Personal information
- Date of birth: 17 October 1958 (age 67)
- Place of birth: Handlová, Czechoslovakia

Senior career*
- Years: Team / Apps / (Gls)
- 1979–1985: Plastika Nitra
- 1985–1986: VTJ Tábor
- 1986–1990: Plastika Nitra
- 1990–1997: Wacker Wien

International career
- 1982: Czechoslovakia / 1 / (0)

Managerial career
- 2020–2022: Slovan Nitra Chrenova
- 2023: FC Nitra
- 2025–: Slovan Nitra Chrenova

= Dušan Borko =

Slovak footballer (born 1958)

Dušan Borko (born 17 October 1958) is a Slovak former footballer who played as a striker. He played one match for the Czechoslovakia national football team in 1982. He played 199 games in the league and scored 56 goals. He is most known for playing with Plastika Nitra, with whom he has the second most appearances in the club's history.

== Club career ==
Borko went to Nitra in 1979 to study at the VŠP and play football. Out of several offers, he would choose Slovan Nitra, a club which at the time played in the Czechoslovak First League. He played in the 1987 Slovak Cup final against DAC Dunajská Streda, being substituted off in the 77th minute before Nitra would lose 6–5 on penalties after drawing 0–0 at full time. Borko played a total of 199 games in the league for Nitra, scoring 56 goals. He later played for amateur site FK Veľkej Lehôtky. He scored for the club in a 6–0 win against FC Ibbenbüren in an international friendly.

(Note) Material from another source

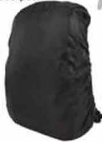
Cocoon's CP Pro Backpack

B ack in the day, people took notes by hand, read books, did research using the card catalogue in libraries, and, yes, walked through a foot of snow — uphill both ways — to get to campus. Life has changed. And aren't you glad it has? Here's a quick look at some new gadgets designed to make your life as a student easier.

== International career ==
In 1982, Borko was called up to feature for the Czechoslovakia national football team in a friendly match against Brazil. He came on as a substitute in the 79th minute of a 1–1 draw.

== Coaching career ==
After his retirement, Borko was an assistant coach to Ivan Horn at FC Nitra. He later became the executive director for two years and then again an assistant to coach Jozef Prochotský. In 2020, he became the head coach of 8th tier side, Slovan Nitra Chrenova. He helped the side get promoted back into the regional competitions. On 27 February 2023, Borko became the head coach of Nitra. In April 2025, he re-joined Slovan Nitra Chrenova, taking the position of manager.